The same thing has been happening in Portland for a while, it’s just that the noise takes a new form every few months. The top-line items remain the same: the team is not very good and Dame Lillard is unhappy. This year marks something of a bottoming out—that Blazer defense, never better than serviceably poor has been atrocious under Chauncey Billups, who is bumming everybody out—but it’s like gout flaring up, a 101-degree day as the climate warms. There are times when problems seem more or less severe, but without true resolution they endure, even as reality’s surface obscures or emphasizes them.

At their peak in 2019, the Blazers won 53 games and enjoyed a slightly serendipitous run to the Conference Finals. But they weren’t serious title contenders; they got smoked and swept by a Warriors squad that down Kevin Durant was still solidly superior. The Blazers were, much like their franchise player, estimable and heroic but destined to meet failure, in the end. Dame was 28 years old during those playoffs. The front office didn’t have many obvious paths toward improving the team, but there was hope they might figure something out. Dame is 31 now. In the intervening years, the front office has gotten most of their decisions wrong. The public reason given for Neil Olshey’s recent firing was that he created a miserable working environment, and while that’s an excellent reason to dismiss someone, you wonder if he had made more astute signings and trades, he might still have a job. Dame is no longer remotely optimistic. He’s been making discontented sounds for over a year.

If he hasn’t quite wrapped his lips around the words I would like a trade, it’s because he’s caught between two impulses. Dame likes being Portland’s franchise guy and has complained in the past about the formation of superteams in bigger markets. He sees himself and, crucially, wants to be seen as a noble counterpoint to the cynicism of other stars. But he’s also encountering the outset of his basketball mortality. He’s been banged up this season and doesn’t know how much longer he’ll maintain his current level. His prime is ticking toward late prime, and ultimate obsolescence.

It’s a familiar transition for an aging star: you want to win on your terms, and then when it starts to get late, you simply want to win. This requires the player to at least tacitly admit that he can’t get the job done in his current situation, which is a big ask for Dame, who’s one of the most prideful players in the league. So instead of a formal trade demand, we get annoyed post-game pressers and mind-bending Chris Haynes reports that categorize a recruiting session with LeBron James and Anthony Davis as an “information-gathering forum among respected peers.” Some of this is highwire PR nonsense, but it also seems to speak to a genuine conundrum Dame is working through. He doesn’t appear certain that he wants to leave Portland.

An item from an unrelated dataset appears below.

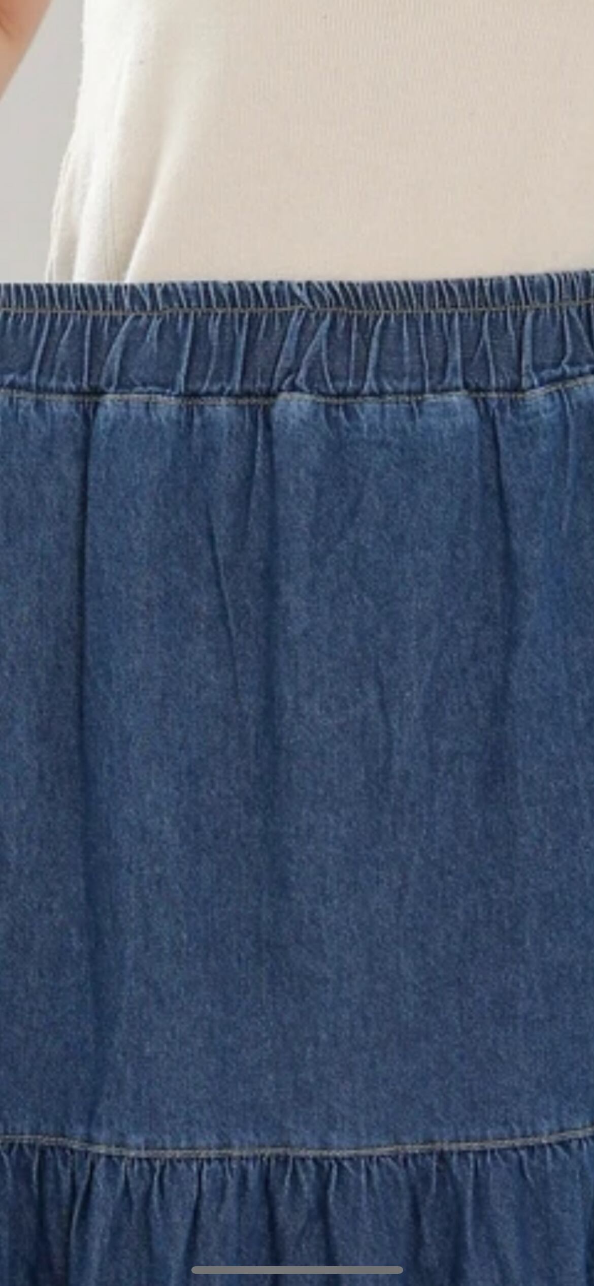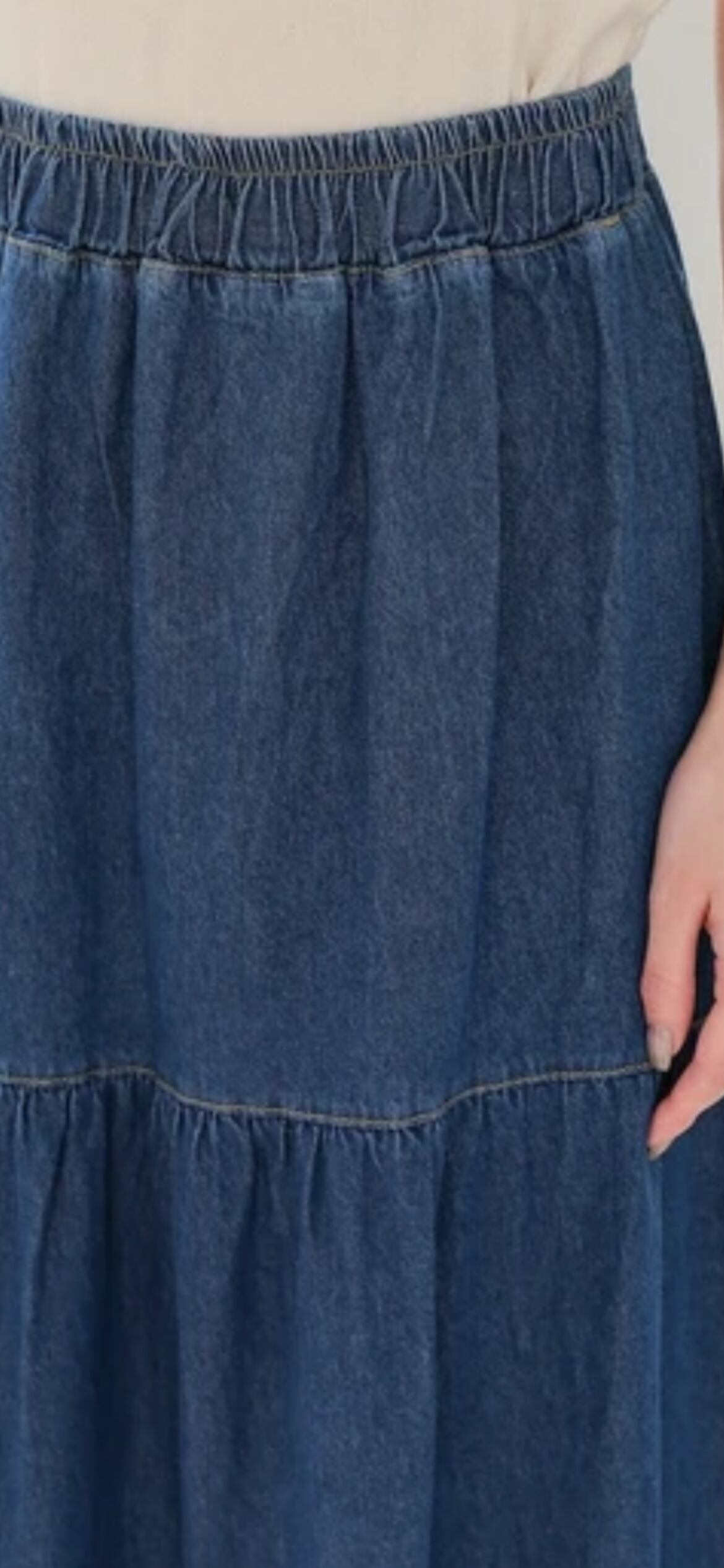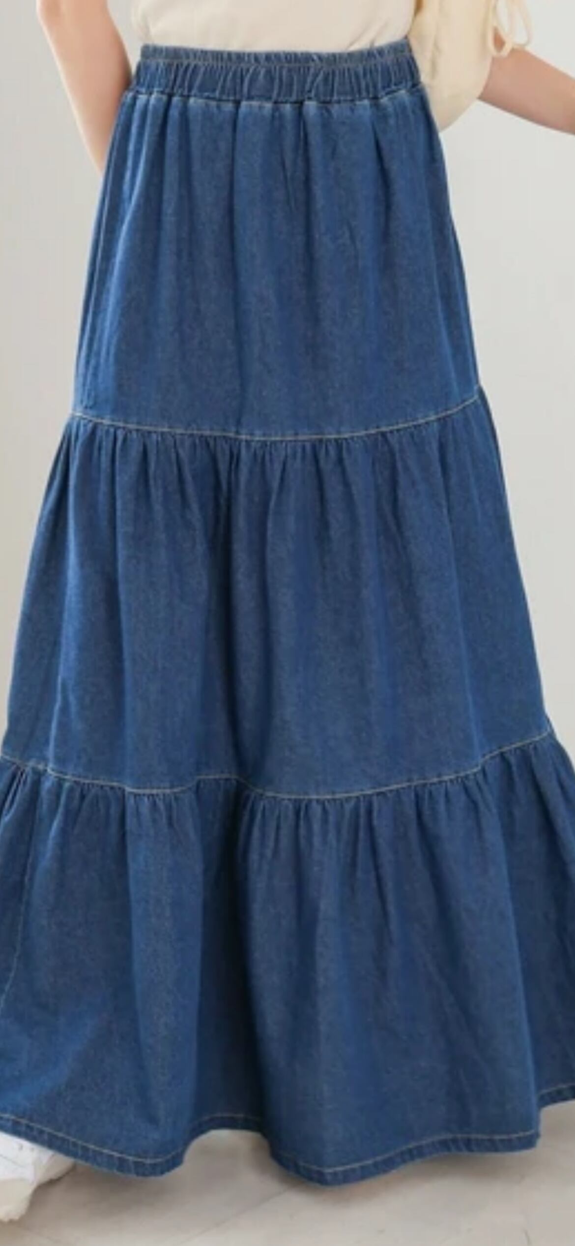 デニム生地で広がりすぎない2段ティアードのスカート!ベーシックなデニム素材は着回し抜群で様々なコーデに馴染みます。動くたびに裾が揺れるので、大人可愛い雰囲気を演出。ウエストはオールゴムなので着脱しやすいのもおすすめポイントです。

All he knows for sure is that he’s deeply frustrated.

It’s not easy to empathize with him at this point, especially after he pretzeled himself trying to spin the controversy around the Chauncey Billups’s hiring—a hiring he almost definitely endorsed—into an excuse to leave town. (Not for nothing, Billups’s young coaching career is off to a miserable start.) Vacillation is fine, Dame should take all the time he needs to figure out what he wants to do, but the impression he gives is of wanting to be absolved of any blame for whatever conclusion he arrives at. And that’s not how any of this works. Dame’s a celebrity; the public is going to have opinions about what he does. There’s no eliding it. You can’t get a doctor’s note that says people aren’t allowed to get mad at you for joining the Lakers. You have to do what you think is best for you, and maybe avoid Twitter for a little while, until the story cools off.

Friend of the column Katie Heindl is a more elegant writer than this when she wants to be, but she crudely put it well after Olshey’s firing was announced: “sick of the Blazers, figure it out and leave the rest of us alone.” Dame is an irritatingly tentative star at the center of an irritatingly tentative organization. He’s the most charismatic figure in the drama, so we fixate on him, but the Blazers are indecisive all the way down. Dame’s wavering, holding up Chauncey’s hiring and then plowing through with it anyway, Olshey’s early season dismissal. The fact that the Dame-C.J. McCollum backcourt has never really worked, but has persisted for nearly a decade. They’re reportedly in the market for Ben Simmons, because the roster is apparently in need of more basketcases.

It’s a lot of mishegoss for a sub-.500 team that represents the end of a pretty fruitful era that’s past its sell-by date by at least two years. Everybody involved does indeed need to figure it out and leave the rest of us alone. Because we know what the Blazers are, even if they and their wanderlusting franchise player have no idea what they want to be.